In this retrospective study, biparametric (T2-weighted and diffusion-weighted) prostate MRI acquired with multiple 1.5-T and 3.0-T MRI scanners in consecutive men was used for training and testing of prostate segmentation and lesion detection networks. Ground truth was the combination of targeted and extended systematic MRI-transrectal ultrasound fusion biopsies, with significant prostate cancer defined as International Society of Urological Pathology grade group greater than or equal to 2. U-Nets were internally validated on full, reduced, and PROSTATEx-enhanced training sets and subsequently externally validated on the institutional test set and the PROSTATEx test set. U-Net segmentation was calibrated to clinically desired levels in cross-validation, and test performance was subsequently compared using sensitivities, specificities, predictive values, and Dice coefficient.
One thousand four hundred eighty-eight institutional examinations (median age, 64 years; interquartile range, 58-70 years) were temporally split into training (2014-2017, 806 examinations, supplemented by 204 PROSTATEx examinations) and test (2018-2020, 682 examinations) sets. In the test set, Prostate Imaging-Reporting and Data System (PI-RADS) cutoffs greater than or equal to 3 and greater than or equal to 4 on a per-patient basis had sensitivity of 97% (241/249) and 90% (223/249) at specificity of 19% (82/433) and 56% (242/433), respectively. The full U-Net had corresponding sensitivity of 97% (241/249) and 88% (219/249) with specificity of 20% (86/433) and 59% (254/433), not statistically different from PI-RADS (P > 0.3 for all comparisons). U-Net trained using a reduced set of 171 consecutive examinations achieved inferior performance (P < 0.001). PROSTATEx training enhancement did not improve performance. Dice coefficients were 0.90 for prostate and 0.42/0.53 for MRI lesion segmentation at PI-RADS category 3/4 equivalents.

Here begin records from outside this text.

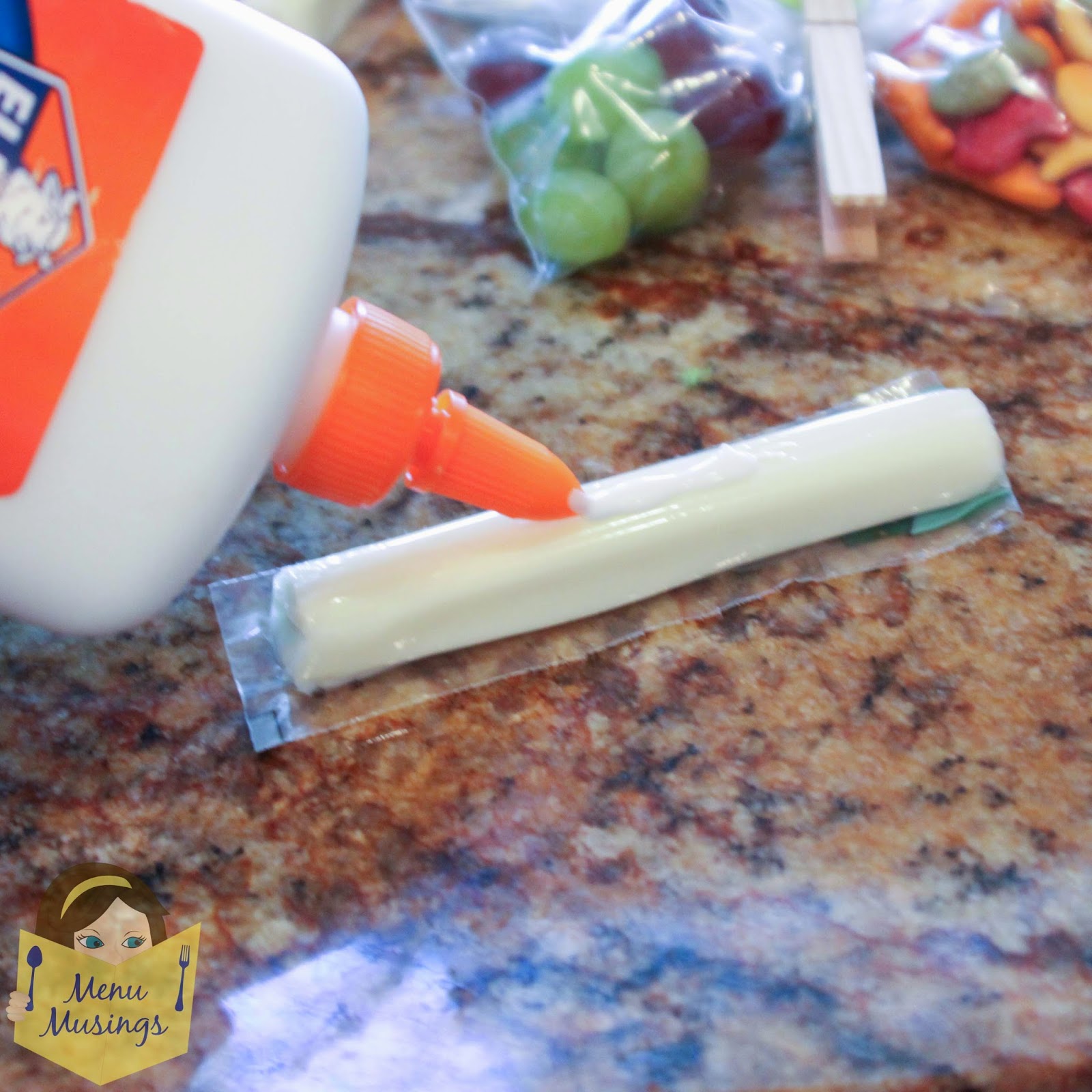 I used Elmer's Glue-All on the rounded side of the string cheese so that it would rest on the flat side for more stability.
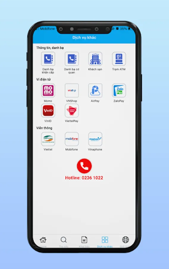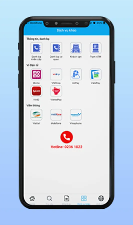 - Access hotline and utilities of Call Center 1022 such as Zalo Switchboard 1022, Chatbot 1022... through the "Utilities" section
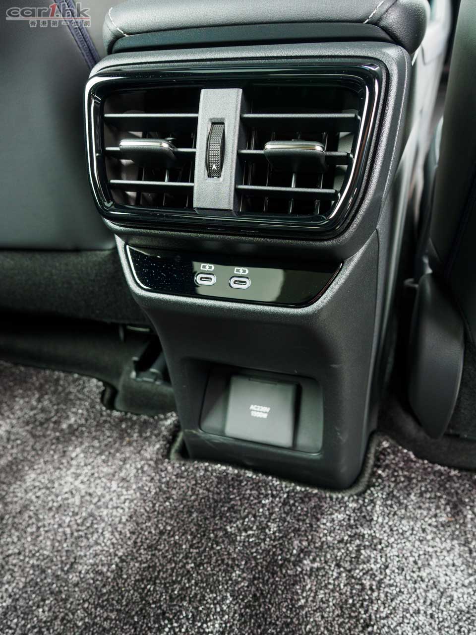 后排中控板设有冷气风口及两个充电插头,但取消了旧款后座配备的暖气开关。
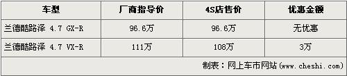 蘭德酷路澤是豐田旗下最經(jīng)典的越野車型之一,其應(yīng)用了豐田多項高科技技術(shù),不僅增強了全車的越野性能和安全性,也為駕乘者提供了最直觀的駕乘體驗。自去年9月份大排量消費稅推出后,豐田越野車的代表作蘭德酷路澤的廠商指導(dǎo)價也相應(yīng)作出了調(diào)整,4.7L的兩款車型售價分別漲到了96.6萬元和111萬元。近日據(jù)網(wǎng)上車市價格數(shù)據(jù)監(jiān)測顯示,蘭德酷路澤全系出現(xiàn)了3萬元的優(yōu)惠,具體詳情看下表:

In a large institutional test set, U-Net confirms similar performance to clinical PI-RADS assessment and benefits from more TD, with neither institutional nor PROSTATEx performance improved by adding multiscanner or bi-institutional TD.
深度学习在辅助放射科医生解读前列腺磁共振成像(MRI)方面的潜力已得到证实。
本研究旨在评估增加和多样化训练数据(TD)对深度学习检测和分割具有临床意义的前列腺癌可疑病变性能的影响。

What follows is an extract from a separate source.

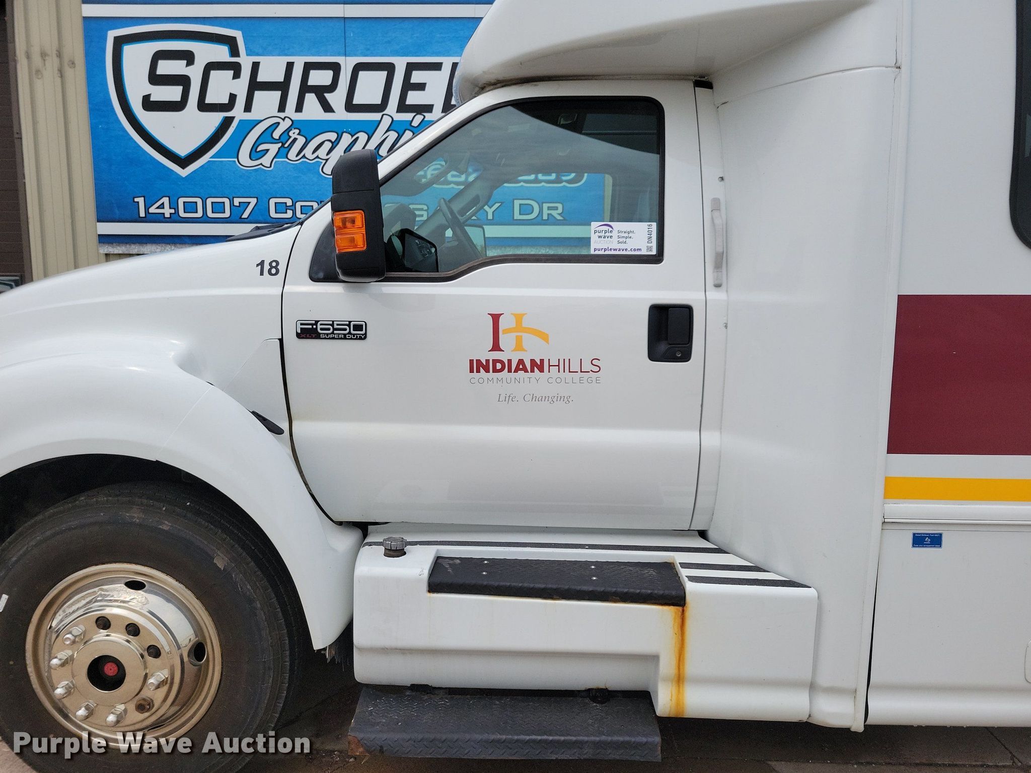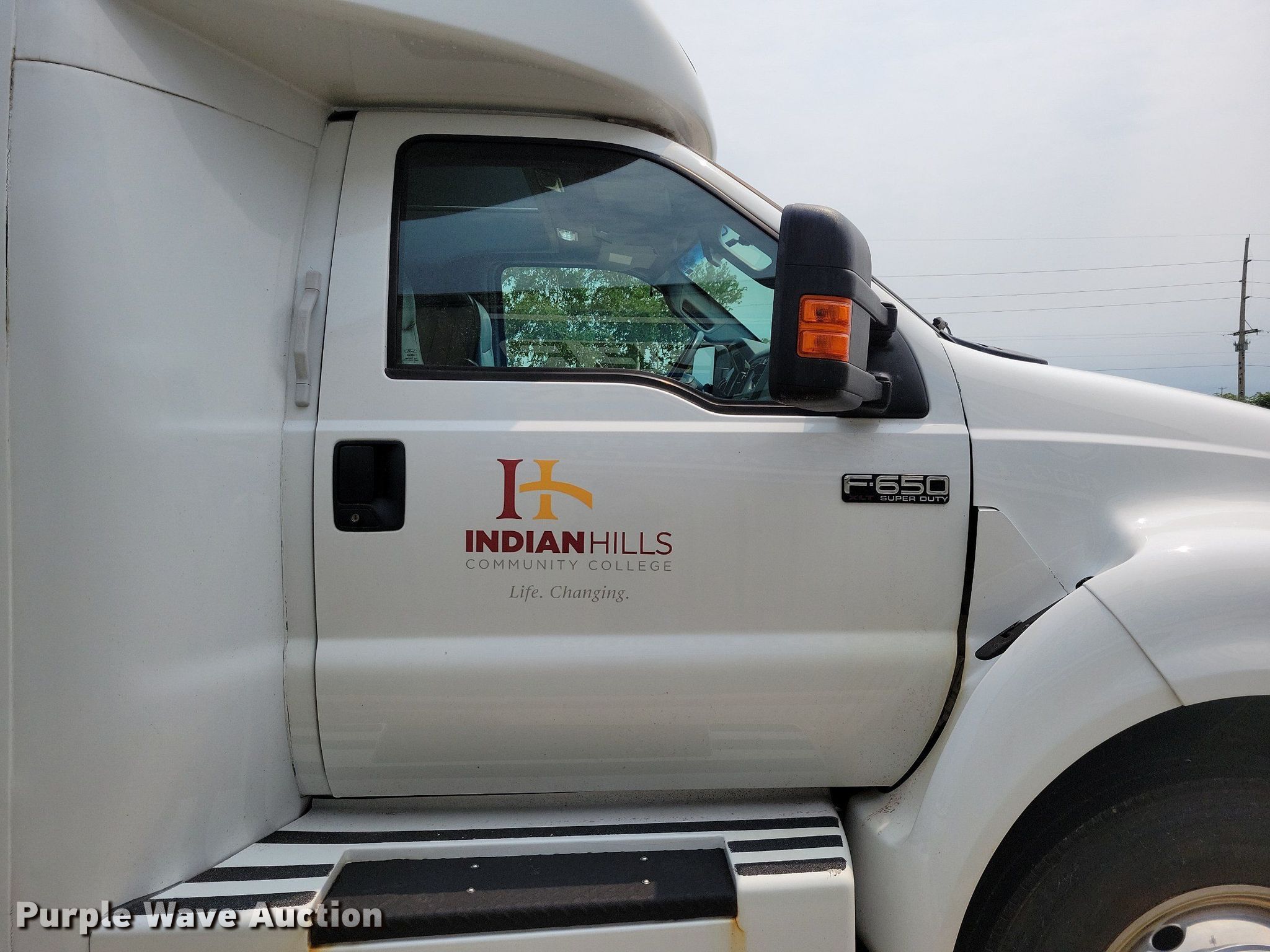 2015 Ford F650 Super Duty XLT coach bus. Miles: 198,322 on odometer, VIN: 3FRNF6FC9FV657245. Engine Cummins ISB 6.7, Serial: 73695407, Displacement: 6.7L, Cylinders: 6, Fuel type: Diesel, HP: 240. Transmission Automatic. Chassis Axles: Single, Suspension: Air, Brakes: Hydraulic, GVWR: 25,999 lbs, Wheelbase: 260". Interior AC, Heat, Heated mirrors, Cruise control, Auxiliary controls, Passengers: 36, Adult seats: 37. Tires Size: 10R22.5. Iowa title. Seller is a government entity who will be assigning and distributing the title. Please contact the seller for distribution questions. Indian Hills Community College. 525 Grandview Ave. Ottumwa, IA 52501

在这项回顾性研究中,使用多台1.5-T和3.0-T MRI扫描仪为连续男性采集的双参数(T2加权和扩散加权)前列腺MRI,用于训练和测试前列腺分割及病变检测网络。金标准是靶向和扩展系统性MRI-经直肠超声融合活检的组合,将国际泌尿病理学会分级组大于或等于2的前列腺癌定义为具有临床意义的前列腺癌。U-Net在完整、简化和PROSTATEx增强训练集上进行内部验证,随后在机构测试集和PROSTATEx测试集上进行外部验证。在交叉验证中将U-Net分割校准到临床期望水平,随后使用敏感性、特异性、预测值和Dice系数比较测试性能。
1488例机构检查(中位年龄64岁;四分位间距58 - 70岁)在时间上分为训练集(2014 - 2017年, 806例检查,补充204例PROSTATEx检查)和测试集(2018 - 2020年, 682例检查)。在测试集中,基于患者的前列腺影像报告和数据系统(PI-RADS)临界值大于或等于3及大于或等于4时,敏感性分别为97%(241/249)和90%(223/249),特异性分别为19%(82/433)和56%(242/433)。完整U-Net的相应敏感性为97%(241/249)和88%(219/249),特异性为20%(86/433)和59%(254/433),与PI-RADS无统计学差异(所有比较P > 0.3)。使用171例连续检查的简化集训练的U-Net性能较差(P < 0.001)。PROSTATEx训练增强未改善性能。在PI-RADS 3/4类等效物中,前列腺的Dice系数为0.90,MRI病变分割的Dice系数为0.42/0.53。
在一个大型机构测试集中,U-Net证实了与临床PI-RADS评估相似的性能,且受益于更多的TD,添加多扫描仪或双机构TD并未改善机构或PROSTATEx的性能。